É importante que a população separe seu lixo, pelo menos em dois recipientes – orgânicos - molhados e, recicláveis. Assim, se o seu município ainda não consegue realizar a coleta por separado, o catador poderá recolher os recicláveis (latinhas, metal, plástico, papel seco, papelão) reduzindo o que vai para o aterro.

É graças ao trabalho dos catadores brasileiros e também de alguns pequenos empresários, que o Brasil se tornou líder mundial de reciclagem, o que é um avanço muito importante para a preservação ambiental já que esta situação, objetivamente, reduz a área necessária para aterros sanitários.

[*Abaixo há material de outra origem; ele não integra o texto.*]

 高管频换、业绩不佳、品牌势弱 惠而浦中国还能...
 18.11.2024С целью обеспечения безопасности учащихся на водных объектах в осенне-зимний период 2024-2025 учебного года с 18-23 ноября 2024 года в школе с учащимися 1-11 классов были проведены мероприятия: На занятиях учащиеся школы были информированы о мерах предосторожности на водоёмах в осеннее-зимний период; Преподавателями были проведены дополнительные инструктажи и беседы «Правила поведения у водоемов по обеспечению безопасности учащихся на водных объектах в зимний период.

E, como afirma Katia Campos, também é significativa a participação dos consórcios públicos que, juntando vários municípios, dispõe o lixo coletado em um único aterro, como é o caso de várias regiões metropolitanas, pelo país.

Mas, ainda está longe o momento de se poder considerar ampla vitória brasileira no jogo do lixo versus reciclagem. A população ainda não reconhece o valor intrínseco do lixo que produz e os danos que causa ao jogar lixo nas ruas, não separar os recicláveis, não devolver à terra a matéria orgânica na forma de composto ou até mesmo, ao não embrulhar o caco de vidro quebrado para impedir que o catador ou o gari se machuquem.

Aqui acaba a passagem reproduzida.